Seine Augen schmerzten, als er sie öffnete. Langsam wichen die Nebel, die seinen Blick trübten. Die junge Frau, die an seiner Seite saß, bemerkte sein Erwachen. Sie lächelte zärtlich, als sie ein feuchtes Tuch auf seine Stirn legte. Dann wurde alles wieder dunkel....

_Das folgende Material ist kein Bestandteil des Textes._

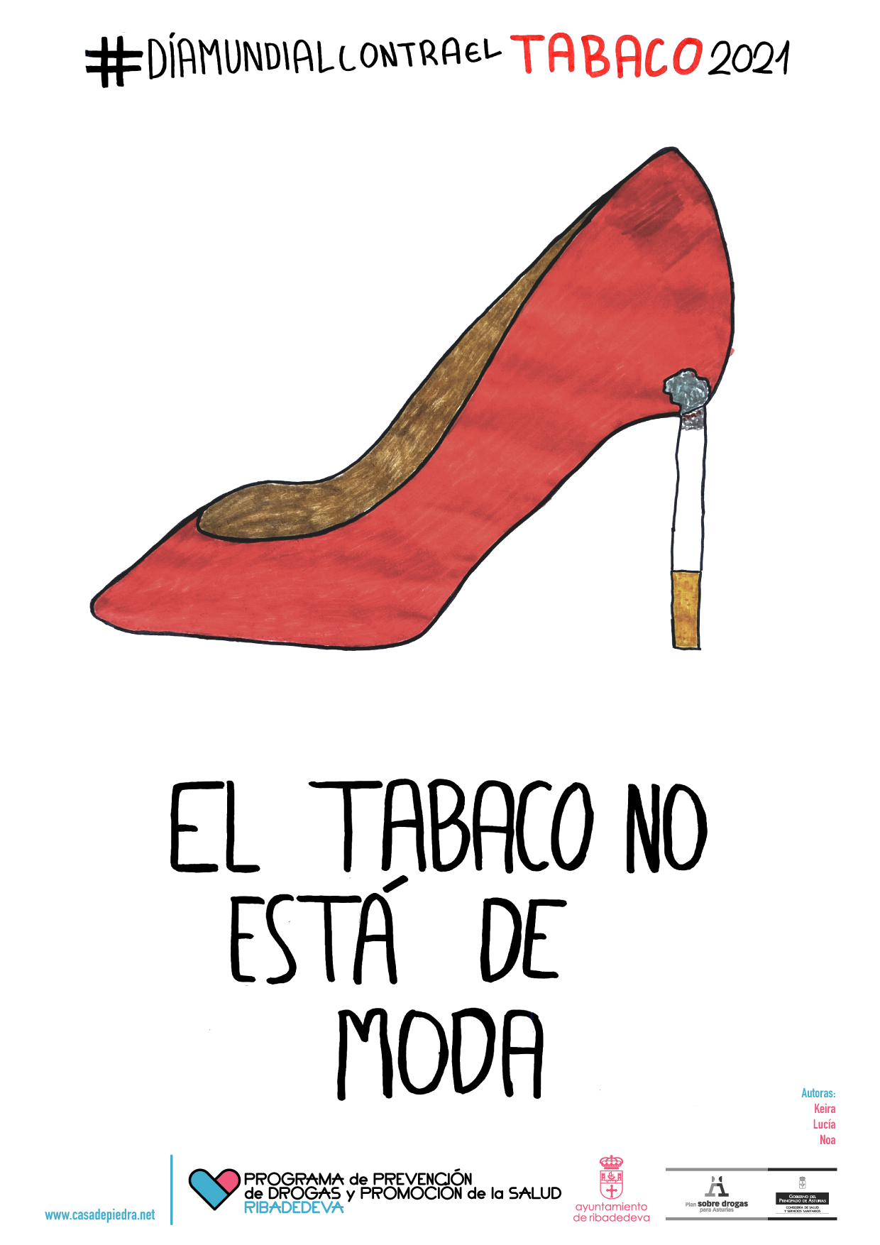 Este año el cartel ha sido diseñado por Keira, Noa y Lucía dentro del programa de participación juvenil Espacio Abierto y recoge una llamativa imagen que hace referencia a su lema: EL TABACO NO ESTÁ DE MODA.
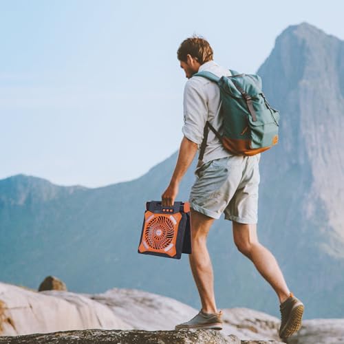 WESTTREE Westreete Solar Fan with LED Lantern & Power Bank, Foldable Angle Solar Powered and USB Cordless Fan for Travel Camping, Orange, 1
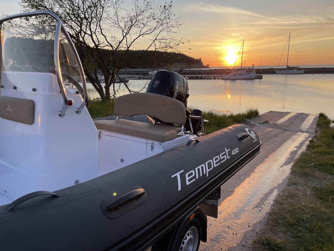 – Det är en Capelli 430 Tempest med en 30-hästare där bak som redan har visat sig vara fantastisk för ändamålet. Lätt att sjösätta, torrsätta och traila men också precis så härligt stabil som RIB:ar kan vara. Sedan, hör och häpna, räcker 30 hästkrafter alldeles utmärkt med två personer ombord.
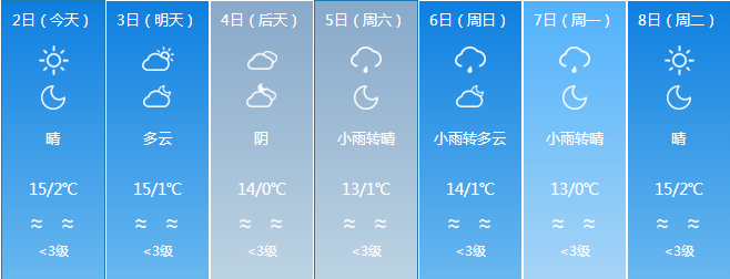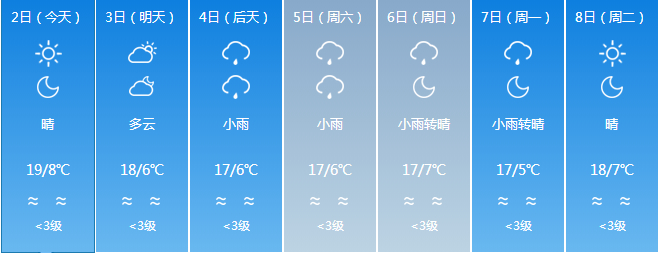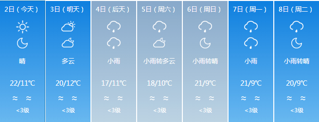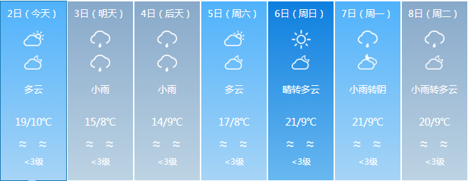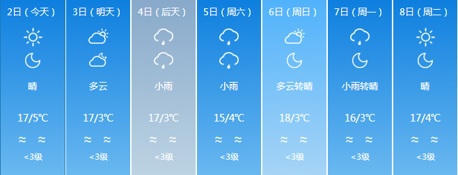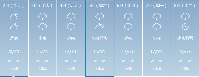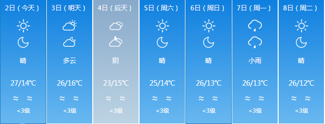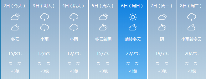 12月3-4日: 昭通北部阴有小雪、迪庆、怒江北部多云有阵雪局部中雪,昭通南部、曲靖、昆明、楚雄、玉溪、文山、红河、普洱、西双版纳、临沧、怒江阴有小雨,其它地区多云局地有阵雨。 12月5-6日: 迪庆北部、怒江北部多云有阵雪,怒江南部、保山、德宏、临沧、普洱、昭通北部多云有阵雨,其它地区多云间晴。 | 具体天气预报 |
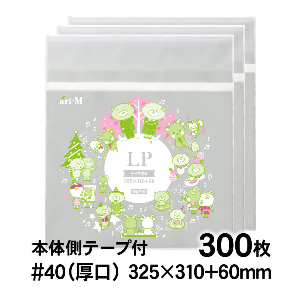 OPP袋 LP レコード用 本体側テープ付 300枚 40ミクロン厚(厚口) 325×310+60mm 透明袋 国産 二つ折り発送

„Argos! Das ist eine Falle!“ Der Schmerz beim Aufschrecken seines Körpers, ließ ihn zusammenzucken. „Ihr habt schlecht geträumt...Beruhigt euch.“ Die junge Frau hatte immer noch an seiner Seite gewacht. Sie half ihm, sich wieder niederzulegen. Er atmete sehr schwer, fasste sich an seine schmerzende Brust und verzog seine Gesicht. Es dauerte einige Zeit bis er wieder Ruhe fand. Die junge Frau hatte ihm wieder ein feuchtes Tuch auf die Stirn gelegt und sah nun nach dem Verband, der seine Brust umschlang. Sie lächelte wieder. „Ihr habt sehr lange geschlafen. Eure Wunden waren sehr schwer, doch ihr ward stark genug.“ Sie hatte den Verband gelöst und war dabei eine Salbe auf die große Wunde, die sich über seine ganze Brust zog, aufzutragen. „Wo bin ich?“ Seine Stimme klang belegt und schwach. Die junge Frau antwortete ohne ihre Bemühungen mit dem Verband zu unterbrechen. „Ihr seid auf Ledos.“ „Ich kann mich nicht erinnern.“ Die junge Frau blickte zu ihm. „Dieser Ort ist nur Wenigen bekannt.“ Er blickte ihr völlig klar in die Augen. „Das meine ich nicht...Ich kann mich an nichts erinnern.“

„Er hat sein Gedächtnis verloren.“ Der junge Mann betrachtete den Ring, den er trug und hörte das Gespräch, welches die junge Frau mit einer anderen führte. „Das war zu befürchten. Es ist erstaunlich, daß er überhaupt überlebt hat. Es grenzt an ein Wunder.“
Es vergingen viele Wochen, bis er sein Lager verlassen konnte. Oft entzündete sich die Wunde auf seiner Brust wieder und ließ ihn schmerzhaft fiebern. Im Fieberwahn schrie er oft auf und rief immer wieder die gleichen Namen. Jetzt konnte er schon aufstehen und begab sich jeden Tag in den Garten. Er setzte sich immer auf die Bank, von der aus man das Meer betrachten konnte. Dort saß er meistens den ganzen Tag. Er sprach mit Niemandem.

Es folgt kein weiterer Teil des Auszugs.